## REQUIRED ACTION
Across the data below, in how many lines does the word "Reis" appear? Give only the number.

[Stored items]
========

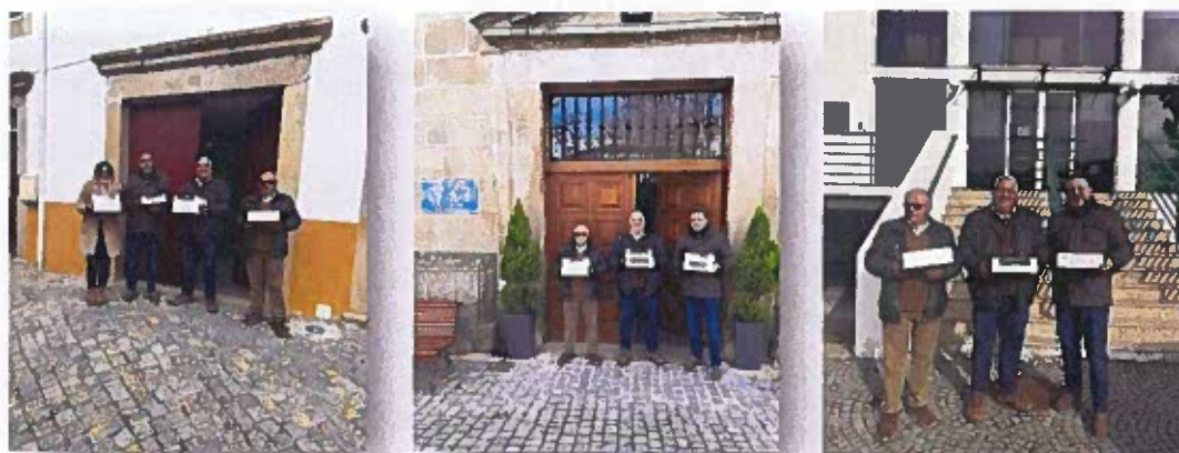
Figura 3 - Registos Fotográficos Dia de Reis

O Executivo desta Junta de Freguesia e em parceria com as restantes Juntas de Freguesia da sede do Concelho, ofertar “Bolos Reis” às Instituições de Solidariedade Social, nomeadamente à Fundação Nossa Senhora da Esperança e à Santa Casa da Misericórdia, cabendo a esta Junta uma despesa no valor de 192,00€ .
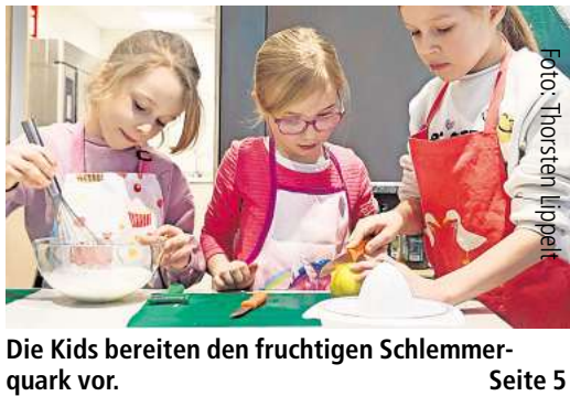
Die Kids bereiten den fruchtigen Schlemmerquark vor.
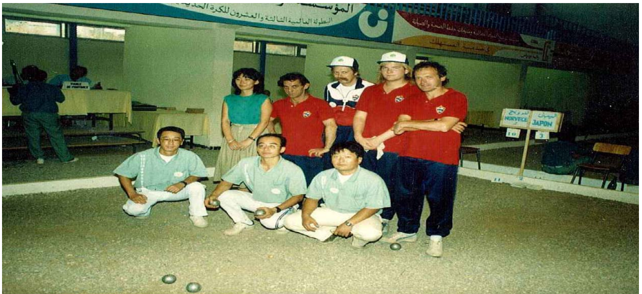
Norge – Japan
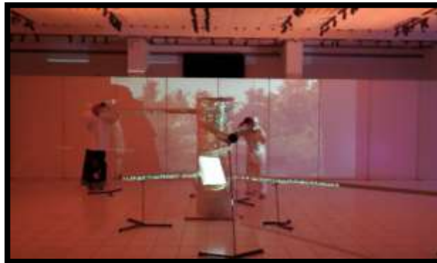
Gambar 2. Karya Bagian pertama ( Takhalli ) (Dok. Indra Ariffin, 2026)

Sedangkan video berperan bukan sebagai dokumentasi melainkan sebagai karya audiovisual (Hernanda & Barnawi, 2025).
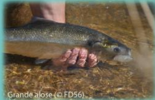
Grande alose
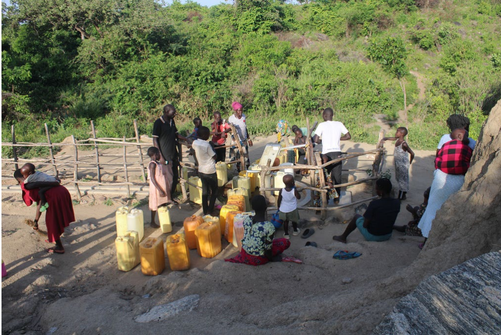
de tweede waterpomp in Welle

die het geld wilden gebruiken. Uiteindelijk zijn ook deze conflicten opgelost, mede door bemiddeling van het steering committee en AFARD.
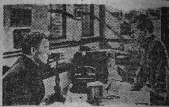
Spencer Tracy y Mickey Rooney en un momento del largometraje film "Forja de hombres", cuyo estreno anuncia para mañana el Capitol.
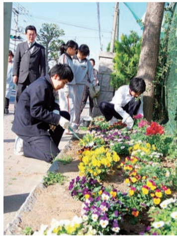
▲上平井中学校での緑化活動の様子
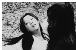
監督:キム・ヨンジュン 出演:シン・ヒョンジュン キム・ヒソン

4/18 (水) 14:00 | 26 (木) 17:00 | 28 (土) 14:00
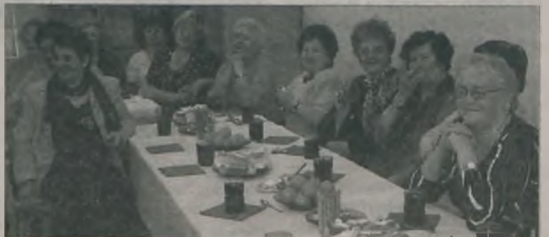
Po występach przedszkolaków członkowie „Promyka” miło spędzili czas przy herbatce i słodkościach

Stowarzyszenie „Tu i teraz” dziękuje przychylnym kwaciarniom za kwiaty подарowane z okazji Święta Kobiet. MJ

========

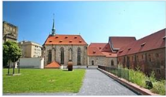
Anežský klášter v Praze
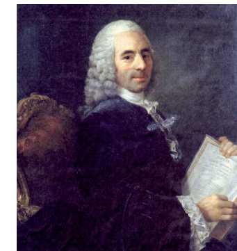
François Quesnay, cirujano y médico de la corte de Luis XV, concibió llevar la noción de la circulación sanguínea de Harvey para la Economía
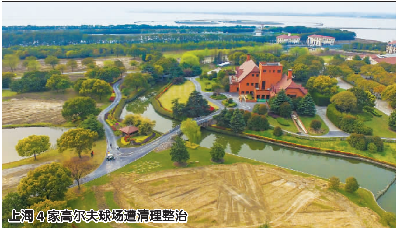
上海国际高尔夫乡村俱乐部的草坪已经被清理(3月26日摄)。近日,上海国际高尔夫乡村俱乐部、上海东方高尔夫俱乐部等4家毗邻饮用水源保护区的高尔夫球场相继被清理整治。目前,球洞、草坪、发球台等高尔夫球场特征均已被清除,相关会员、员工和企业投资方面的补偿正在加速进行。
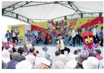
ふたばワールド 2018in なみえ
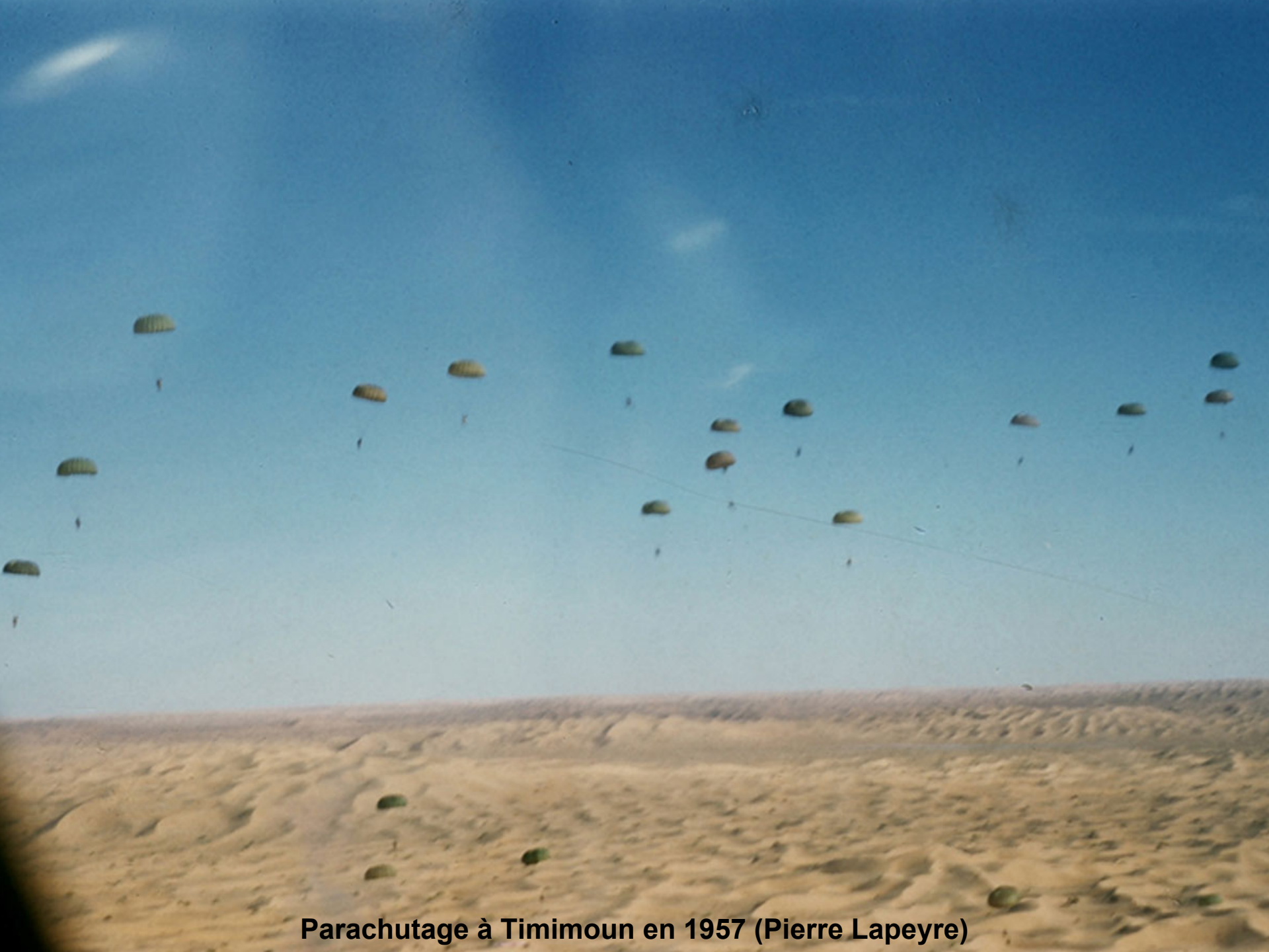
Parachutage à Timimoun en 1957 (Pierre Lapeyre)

========

## TASK SOLUTION
2